O Governo pode estar a preparar-se para aumentar o IVA, aplicar novos cortes sobre os salários da Função Pública e usar, pelo menos parte, da almofada orçamental. O chumbo do Tribunal Constitucional (TC) a três normas do Orçamento do Estado abriu um buraco nas contas públicas de cerca de 610 milhões de euros.
A ministra das Finanças, Maria Luís Albuquerque, e o secretário de Estado Adjunto do primeiro ministro, Carlos Moedas, estiveram ontem reunidos a discutir o plano para fazer face ao chumbo do TC que poderá ser apresentado no Conselho de Ministro extraordinário a realizar amanhã, segundo fontes citadas pela SIC.
A decisão dos juízes do Palácio Ratton foi conhecida na passada sexta-feira. Três das quatro normas em análise foram declaradas inconstitucionais. A saber: os cortes salariais em vigor desde o início do ano – e que reduziam entre 2,5% e 12% os salários acima de 675 euros -, as taxas sobre o subsídio de doença e de desemprego e os cortes sobre as pensões de sobrevivência. Ao contrário do habitual, o chumbo dos cortes salariais vale apenas desde o dia da decisão, por motivos de “interesse público”, justificou o Constitucional.

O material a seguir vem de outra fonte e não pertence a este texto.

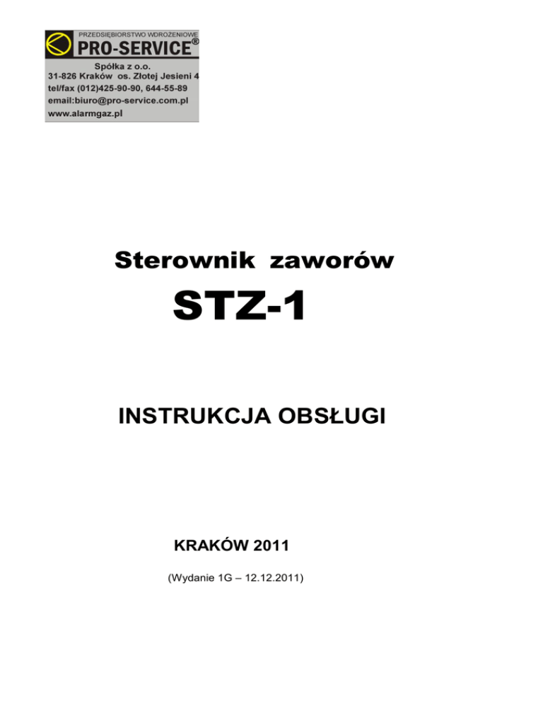 Sterownik zaworów STZ-1 INSTRUKCJA OBSŁUGI KRAKÓW 2011 (Wydanie 1G – 12.12.2011) Spis treści : I.. II.. III. IV. V. VI. VII. Podstawowe parametry techniczne Listwy zaciskowe, widok Połączenia sterownika STZ-1 Warunki gwarancji Karta gwarancyjna Protokół kontroli jakości Deklaracja Zgodności WE - str. 3 - str. 4 - str. 5 - str. 7 - str. 8 - str. 9 - str. 10 2 I. PODSTAWOWE PARAMETRY TECHNICZNE Sterownik STZ-1 przeznaczony jest do współpracy z dowolnym modułem alarmowym z wyjściem zaworowym (3 impulsy 12V o czasie trwania ok. 1 sek.). Przykładowo mogą to być centralki : uniSTER8z, uniSTER16z, PAG8, EXter4z, MD2z, MD4z. Do sterownika można podłączyć zawory gazowe (elektrozawory), o cewkach 12-24V DC, sterowanych impulsowo o dużym poborze prądu. 1. Napięcie zasilania – 230 V AC, 50 Hz 2. Napięcie wyjściowe - impulsy 24V (napięcie pojawia się po wysterowaniu wejścia) 3. Maksymalny prąd wyjściowy - 12A chwilowy 4. Pobór mocy z sieci – max. 20 W 5. Wejście – impulsowe 12V. o o 6. Temperatura pracy - od - 15 do + 50 C (zalecana +5 - + 40 C) 7. Kontrola zasilania – optyczna (zielona LED) 8. Sygnalizacja wysterowania zaworu – optyczna (żółta LED) 9. Wymiary (bez dławic) – wysokość x szerokość x głębokość : 215 x 240 x 115 mm 10. Waga : 2100g 11. Obudowa – wysokoudarowy ABS, IP-54, mocowanie 3-punktowe 12. Elementy wymienne: - Akumulatory żelowe 12V/1,3Ah - 2szt. - bezpiecznik topikowy 5x20 0,63A/T - 1szt. (bezpiecznik F8) - bezpiecznik samochodowy nożowy standardowy 10A - 1szt. (bezpiecznik F7) 3 II. LISTWY ZACISKOWE, WIDOK 0,63A/T STZ-1 Akumulator 12V/1,3Ah Akumulator 12V/1,3Ah F8 + - Akumulator SW-ZAS F7 CON1 L 10A P4 N ZASILANIE 230V AC CON11 W2 NC COM NO (-) ZASILANIE ~230V (+) WEJ. Rys.1. Listwy zaciskowe STZ-1 ZASILANIE WYSTEROWANIE ZAWORU STEROWNIK ZAWORU tel./fax:(12) 425-90-90 www.pro-service.com.pl Rys.2. Płyta czołowa 4 + ZAWOR WYJ. (ZAWÓR) Na listwie zaciskowej dostępne są następujące wyprowadzenia: - zasilanie sieciowe „ 230V AC” (zaciski L, N) - WEJ (zaciski „-„ / „+”) - podłączamy do odpowiedniego wyjścia zaworowego w centralce UWAGA: NIE WOLNO NA STAŁE WYSTEROWAĆ TEGO WEJŚCIA !!! - WYJ. (ZAWÓR) (zaciski „-„ / „+”) – podłączamy cewkę zaworu samozamykającego (o napięciu pracy 12V -24 DC, sterowanie impulsowe) Bezpieczniki wymienne: - bezpiecznik topikowy 5x20 0,63A/T - 1szt. (bezp. F8) – w obwodzie zasilania sieciowego - bezpiecznik samochodowy nożowy standardowy 10A - 1szt. (bezp. F7) – sterowanie cewki zaworu Na płycie czołowej (rys.2.) umieszczone są następujące elementy : - Dioda LED ZASILANIE (kolor zielony): - świecenie ciągłe – zasilanie sieciowe ~230V. - Dioda LED WYSTEROWANIE ZAWORU (kolor żółty): - impulsy – w takt wysterowania cewki zaworu III. POŁĄCZENIA STEROWNIKA STZ-1 Współpraca sterownika STZ-1 z typowymi centralkami firmy Pro-Service przedstawiono na rys.3. Wyjście zaworowe centralki (impulsowe 12V) centralki łączy się z wejściem WEJ. sterownika. Należy zwrócić uwagę na odpowiednią polaryzację sygnału wejściowego. Do połączenia można użyć dowolnego 2 kabla 2 x 1mm . Sterownik STZ-1 może współpracować z typowymi zaworami odcinającymi (np. kulowymi typu SK firmy GAZOMET i grzybkowymi typu ZB firmy FLAMA-GAZ) posiadającymi cewki zasilane impulsami 12 -24V. Zawory takie nie wymagają ciągłego zasilania. Napięcie wyjściowe impulsowe sterownika STZ-1 używane jest tylko do zamknięcia elektrozaworu – otwieranie jest ręczne. Ze względu na duże prądy sterujące cewkami zaworów (i możliwe duże spadki napięć na kablach) należy umieszczać sterownik jak najbliżej elektrozaworu. Nie zamykanie elektrozaworu może być też spowodowane rozładowanym lub uszkodzonym akumulatorem. Impulsy 24V z wyjścia zaworowego WYJ. sterownika są podawane na cewkę zaworu poprzez rezystor dodatkowy Rd. ogranicza on napięcie i prąd cewki do bezpiecznych wartości -dotyczy to zwłaszcza cewek o napięciu sterującym 12V. Wartość rezystora Rd (moc 5W) należy dobierać uwzględniając rezystancję kabla łączącego zawór i sterownik (zależy od długości i średnicy przewodu) oraz rezystancję cewki zaworu. Suma rezystancji kabla i rezystora Rd ma być w przybliżeniu równa (lub nieco mniejsza) rezystancji cewki zaworu. Do połączenia używać dowolnych kabli 2-żyłowych, np. typu YDY, YLY, OMY itp. Dobór kabli między elektrozaworem a centralką ( w zależności od odległości i typu zaworu ) przedstawia tabela 1. Maksymalna długość kabla ↓ Kabel - przekroje ↓ Zawory kulowe SK Zawory grzybkowe ZB 1,5 mm 2 10 m 50 m 2,5 mm 2 20 m 100 m 4,0 mm 2 50 m 100 m Tabela.1. 5 Wsółpraca sterownika zaworu STZ-1 z centralkami uniSTER/PAG Centrala Alarmowa Sterownik zaworu STZ-1 uniSTER8z / uniSTER16z / PAG8 STER. ZAW. Z1 - WEJ. + ZAWÓR - + - + Rd Elektrozawór Wsółpraca sterownika zaworu STZ-1 z centralkami EXter4z Centrala Alarmowa EXter4z Sterownik zaworu STZ-1 ZAWOR - WEJ. + + ZAWÓR - + - Rd Elektrozawór Wartość rezystora Rd (o mocy 5W) dobierać w zależności od długości kabla łączącego sterownik STZ-1 i zawór. Suma rezystancji kabla i Rd ma być w przybliżeniu równa (lub nieco mniejsza) od rezystancji cewki zaworu W skrajnym przypadku (duża odległość między sterownikiem a zaworem) można nie montować (zwarcie) rezystor Rd (Rd=0R). Rys.3. Współpraca z centralkami EXter4z, uniSTER8z, uniSTER16z, PAG8 6 IV. WARUNKI GWARANCJI 1. Pro-Service sp. z o.o. potwierdza w dokumentach dobrą jakość i prawidłowe działanie wyrobu. Użytkownikowi wyrobu gwarantuje się dobrą jakość i sprawność odnośnie konstrukcji, wykonania, a także zastosowanych materiałów. Gwarantuje się prawidłowe działanie wyrobu zamontowanego i eksploatowanego zgodnie z Instrukcją Obsługi i przeznaczeniem. 2. Gwarancja jest udzielana na okres 24 miesięcy od daty sprzedaży. 3. Gwarancja obejmuje ukryte wady materiałowe
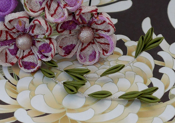 柄ちりめんと一越ちりめんの無地の組み合わせ、下がりの葉は正絹羽二重です。
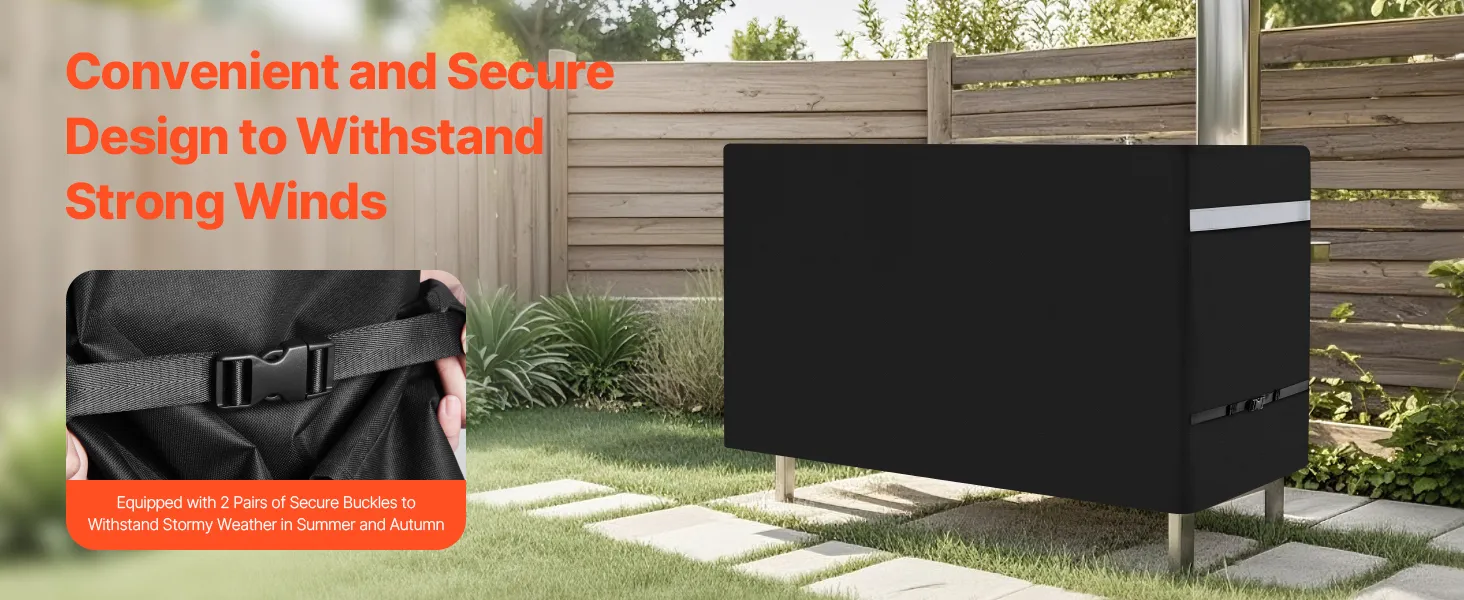 Thoughtful, User-Friendly Design: The bbq gas grill cover for outdoor grill comes with reflective handles for easy use during both day and night, and reinforced seams to prevent fraying. It is equipped with 2 pairs of buckles to securely tighten the cover, effectively preventing it from being blown away or shifted during strong winds
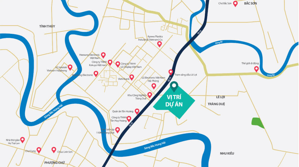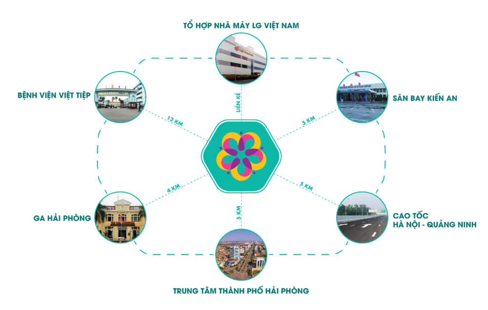 Ngoài ra dự án còn nằm trong Tam giác kinh tế Hà Nội – Hải Phòng – Quảng Ninh. Dự án Cách cao tốc Hà Nội Quảng Ninh 5km, Cách Trung tâm Thành Phố Hải Phòng 5km, Cách Thành Phố Uông Bí 20km, Cách tỉnh Hải Dương 2km.
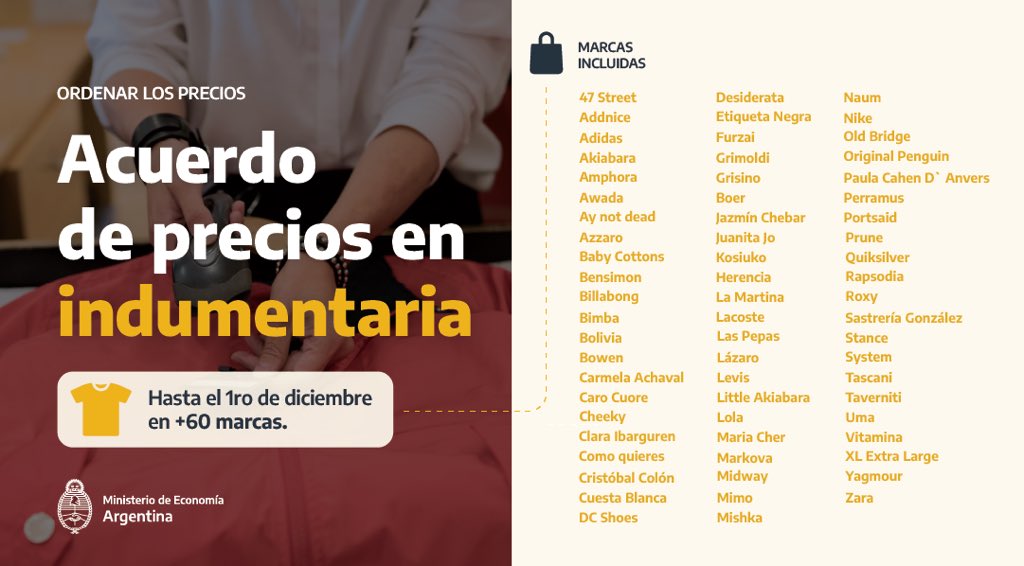 La medida comprende los precios de más de 60 marcas que estarán disponibles en todo el territorio nacional en shoppings, supermercados y locales propios de las firmas. Además, dispone que a partir del 1 de diciembre y por el plazo de 180 días los precios se adecuarán en relación a la variación del tipo de cambio oficial.
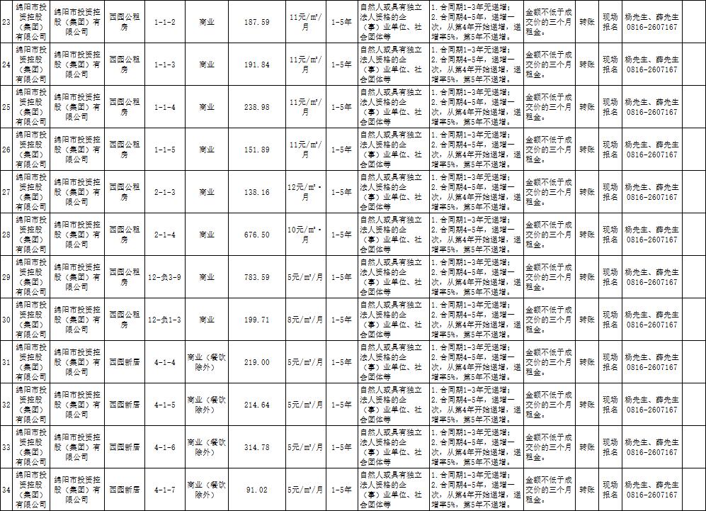 綿陽(yáng)市綿投商業(yè)運(yùn)營(yíng)管理有限責(zé)任公司資產(chǎn)出租公告
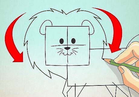 Draw the hair of the lion using small curved strokes. Make it look thick and furry.
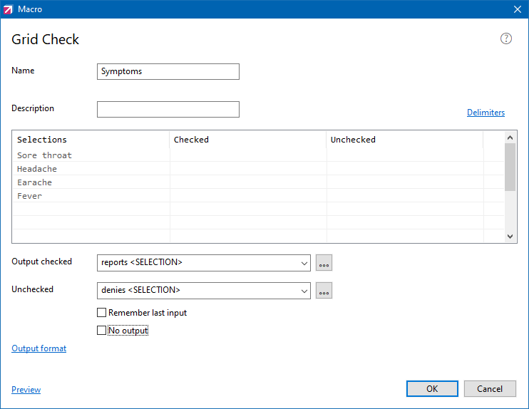 •Output checked - Select the output format to be used when the selection is checked. Any combination of Selection, Field contents and a free text can be defined. Use <Selection> and <Field> placeholders to insert selection contents. Select a down arrow to choose one of the preset formats.
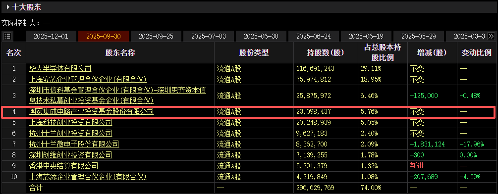 《科创板日报》5日讯,安路科技(688107.SH)公告称,国家集成电路产业投资基金股份有限公司于2025年10月15日~2025年10月16日通过集中竞价交易方式累计减持14.39万股,占公司总股本0.036%,本次减持计划时间区间已届满。原计划减持不超过400.85万股,占公司总股本1.00%,未完成386.46万股。减持完成后,大基金持股比例降至5.73%。
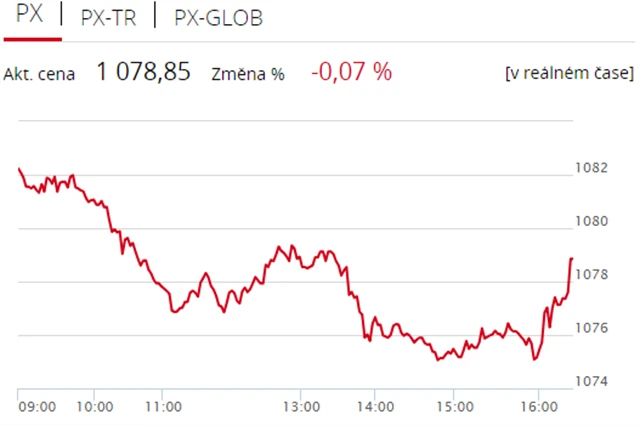 Pražská burza ve středu nenavázala na dvě předcházející ziskové seance, když index PX odevzdal 0,07 % na 1 078,85 bodu. Nedařilo se cenným papírům Stock Spirits a mediální CME, výrazněji stouply pouze Erste Group Bank, Avast a textilka PFNonwovens. Objem obchodů byl s 431 miliony korun podprůměrný.
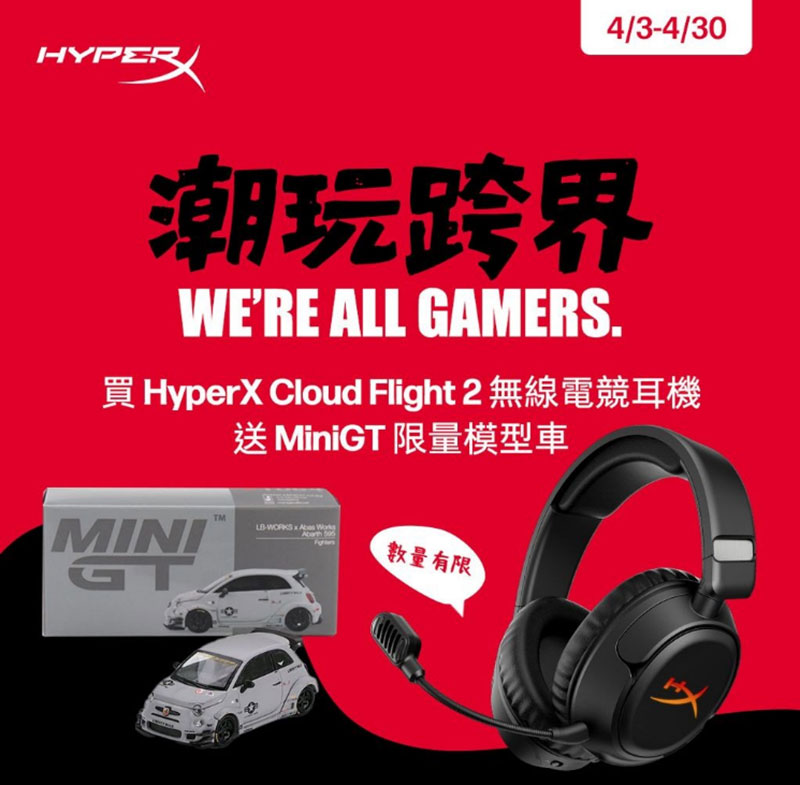 在找一副打遊戲穩、聽音準、還能順便收藏車的耳機嗎?這波 HyperX Cloud Flight 2 無線耳機優惠活動真的太正點!不只降價,還要直接送你一台車呢~等於耳機+收藏一次滿足!主打穩、久、舒服,是那種一戴上去就不想拿下來的類型。具備無線低延遲連線、長效續航、記憶耳罩設計,以及可拆式麥克風與 HyperX 經典調音。現在只要 $4290!再加碼送上 MiniGT 限量模型車,想要的玩家朋友盡快啊~
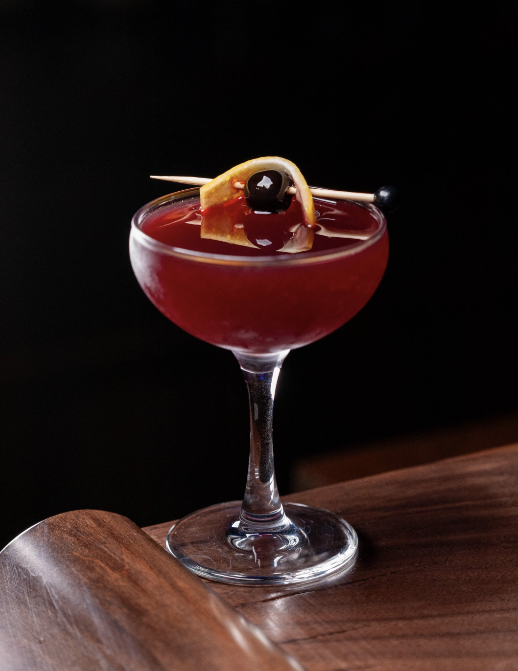 In a mixing glass, combine the ingredients with ice and stir gently until well chilled, about 30 seconds. Strain into a chilled coupe glass and garnish with a twist of lemon and a Luxardo cherry.

O impacto orçamental imediato nas contas do Estado é de cerca de 610 milhões de euros. Segundo números da Comissão Europeia, os cortes salariais permitiam uma poupança avaliada em 700 milhões de euros em termos líquidos. A não obrigação de devolução dos cortes reduz a poupança para cerca de 290 milhões e abre um buraco de 410 milhões de euros. A este juntam-se os 100 milhões de euros que estavam previstos com as taxas sobre os subsídios e outros 100 milhões de euros com as pensões de sobrevivência.
Desde sexta-feira, o Governo está a analisar a decisão do Tribunal Constitucional para ver que portas ficam abertas depois do chumbo. Passos Coelho diz que o Governo não se vai precipitar, mas os calendários não deixam muita margem. Até meio de junho é preciso informar o Fundo Monetário Internacional para fechar a última avaliação ao programa. E quanto mais o Executivo demorar, menos tempo de aplicação terão as medidas alternativas que forem escolhidas e que ainda terão de passar no Parlamento. A subida de impostos é admitida pelo primeiro-ministro e parece ser bem aceite pelo Constitucional que vê nas soluções de caráter tributário “melhores garantias de fugir, à partida, a uma censura decorrente da aplicação do princípio da igualdade”, diz o acórdão. O aumento do IVA é visto como a hipótese mais provável. De acordo com os cálculos que o Governo fez para o Documento de Estratégia Orçamental, uma subida de 0,25 pontos na taxa normal corresponde a uma receita de 150 milhões de euros. Ou seja, um ponto (passagem de 23% para 24%) representa uma receita de 600 milhões de euros. Porém, a nova taxa não será aplicada durante um ano completo e, por isso, para conseguir a mesma receita é preciso aumentar mais a taxa.
Além disso, o Governo pode ainda reformular a medida dos cortes salariais. Desde o início que a ideia do Executivo era repor os cortes de Sócrates em caso de chumbo constitucional – reduções entre 3,5% e 10% para remunerações acima de 1.500 euros. Em 2013, a medida valeu uma poupança de 500 milhões de euros, mas a saída de funcionários públicos num ano retira eficácia à medida e, uma vez mais, o facto de ter aplicação por poucos meses torna-a menos rentável, tendo em conta os objetivos.
O Governo tem ainda uma almofada de 900 milhões de euros, mas que não pode ser esgotada, já que serve para imprevistos e o ano vai a meio, faltando ainda conhecer a decisão do Constitucional sobre o agravamento da Contribuição Extraordinária de Solidariedade (e que vale uma poupança de 300 milhões). A decisão do TC deixa ainda uma enorme incerteza sobre 2015. No DEO, o Governo comprometeu-se a devolver 20% do corte salarial. Mas o que o TC disse agora é que a totalidade dos salários tem de ser devolvida já.